Tucked amongst walnut, cherry, and apple orchards and cascading waterfall-fed streams, Imlil Valley is backdropped by milky blue wispy skies. Small clusters of rustic sun-bleached adobe huts cling to the slopes while snow-dusted Mount Toubkal, North Africa’s highest peak, holds court high above a riddle of loose-stone precipitous mule tracks. The Imlil Valley Full Day Excursion will take you to the very heart of the Atlas Mountains where massive layers of rock, formed millions of years ago, lie in crumpled ridges and folds. 
Full Day Tour of Marrakech with private vehicle to the Majorelle Gardens
Step inside this centuries-old trading hub - the first of Morocco's four imperial cities - and the peace and tranquility of the rural landscape abruptly ceases. 

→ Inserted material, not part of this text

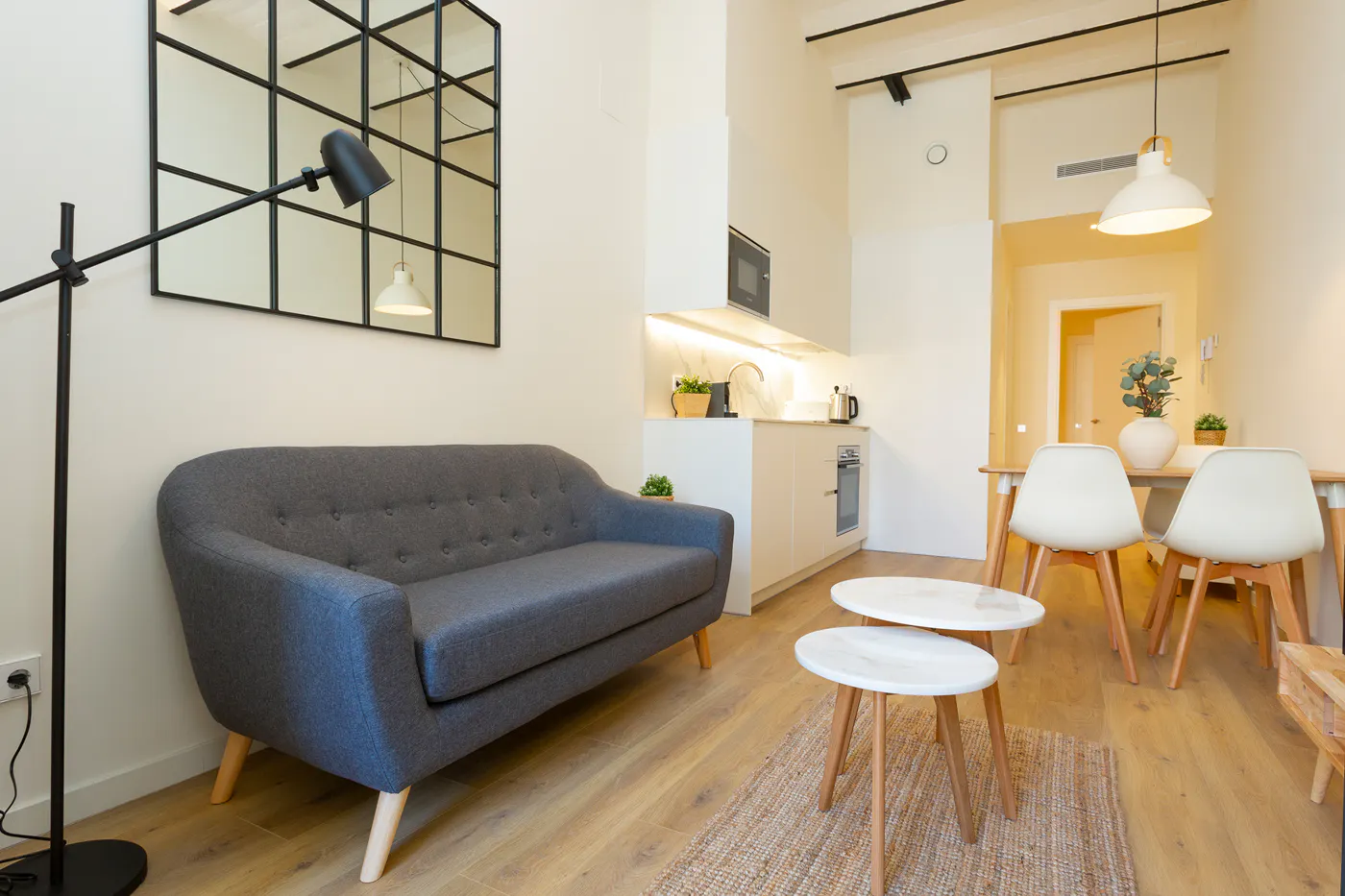 *Monthly rental apartment (from 32 days to 11 months)* It is a recently renovated apartment of 47 m2 perfectly distributed. Upon entering you will find a spacious and modern living room decorated with style. The integrated kitchen is fully equipped, with all the appliances and utensils you need for the day to day, such as: ceramic hob, oven, fridge, microwave, dishwasher, washer / dryer. Next to the living room, there is a gallery that you could use as a study area. The sleeping area consists of a bedroom, en suite and with double bed, has a closet so you can store what you need. The bathroom is complete with shower. The apartment has air conditioning, heating and wifi. Its location is perfect, in the sought after neighborhood of Eixample, as it is very central, quiet and residential. The apartment is located in the beautiful Paseo de Sant Joan, 3 minutes walk from the station "Arco del Triunfo" (L1); 6 minutes from Plaza Tetuan (L2); and 5 minutes from the North Station, which is one of the 3 most important bus stations in Barcelona, and from where you can access national and international connections. It is an area full of green spaces, the most important being the Parque de la Ciudadela. In the surroundings you will find all kinds of stores, bars, pharmacies and restaurants, as well as various tourist attractions. SERVICES INCLUDED: - Check in and Check out in the apartment - WIFI included in all our apartments - Maintenance included (For damage due to normal use) - Fully equipped and furnished apartments - Multilingual manager assigned during the entire stay TERMS: - Deposit for stays shorter than 3 months: 1 month's rent - Deposit for stays longer than 3 months: 2 month's rent - Maximum Stay: 11 months - Registration Possible only for stays longer than 6 months - The utilities of Gas, Water and Electricity are not included in the renting price LOCAL TAXES (I.T.P.): 0.5% of the total reservation (Monthly cost calculated as "other" in the Rent summary. The total amount will be collected before the check-in). Be aware that HousingAnywhere is an online booking platform. Therefore exchanging CONTACT DETAILS and offering VIEWINGS is NOT POSSIBLE. The platform keeps your payment safe until 48 hours after your move-in date. In case the accommodation is not as advertised, you will be entitled to get a refund. “BOOKING PROCESS: After the reservation is confirmed, you will be required to pay the remaining payments directly to the advertiser before the handover of the keys...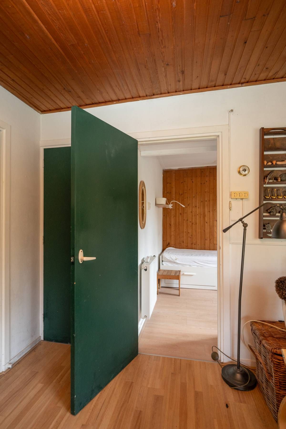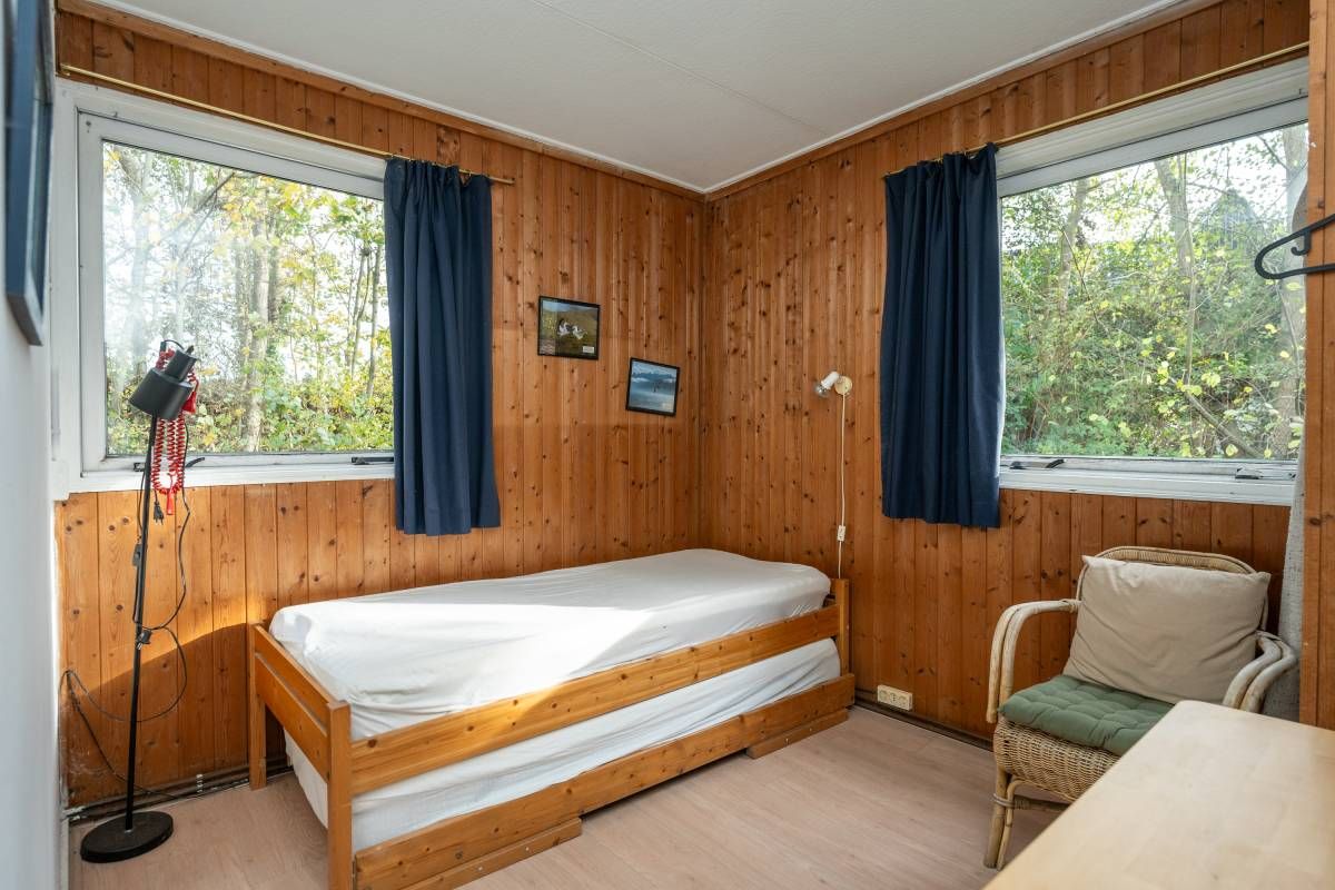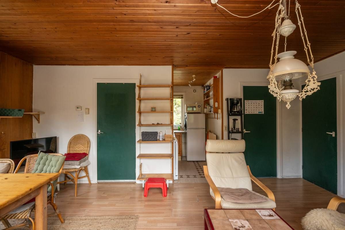 Via de entree stap je binnen in de woonkamer. Met wat zorg en een paar doordachte aanpassingen kan de woning moeiteloos worden aangepast aan de huidige normen en woonwensen om er weer een up-to-date recreatie woning van te maken.

  • Visit the city’s largest mosque, the highly-decorated Koutoubia Mosque with its 77-metre minaret (253 feet) 
  • See fortune tellers, snake charmers, poets, and storytellers on historic square Jemma el Fna 
  • Discover the cultural importance of Marrakech’s UNESCO World Heritage sites  
  • See the silk-spinners, spice-sellers, rug stalls and basket weaves in the Souks of the Medina
  • Marvel at the  ‘palace of the beautiful’ - the Bahia Palace - a masterpiece of Moroccan architecture
  • Learn about the psyche of the Marrakech people and the cultural norms in a city with a population of 1-million
  • Visit the only surviving remains of the Saadian dynasty (1524-1659), the intricately decorated sepulchres of the Saadian Tombs
  • See the Ben Youssef Medersa, Marrakech’s large madrasa, an Islamic college of religious studies and instruction.
  • Learn about the construction of the ramparts using pisé, a reddish pink clay, which glows spectacularly in the setting sun
  • Relish the enchanting gardens of Jardin Majorelle created by French painter Jacques Majorelle (1886-1962) 
  • Marvel at orchards and ponds of Jardin se l’Aguedal, a sultan’s retreat that stretches south of the Royal Palace
 Marrakech is where Europe, Africa and the Middle East intermingle in an exhilarating riot of noise, smells and colour that defines the character of the great city of the Maghreb. Tightly packed, and bubbling with an irrepressible energy, Marrakech is a rarity in a fastly-homogenized world. Founded a thousand years ago, on the edge of the Sahara Desert, its palaces of pinkish hue are backdropped by the snow-dusted peaks of the High Atlas. Crowds nudge, livestock squawks, vendors holler and food stalls spit and billow as snake charmers pipe sweet music next to stalls selling henna tattoos. Marrakech’s history is living, breathing and intoxicating, with the ancient section of the city designated a UNESCO World Heritage site in 1985. 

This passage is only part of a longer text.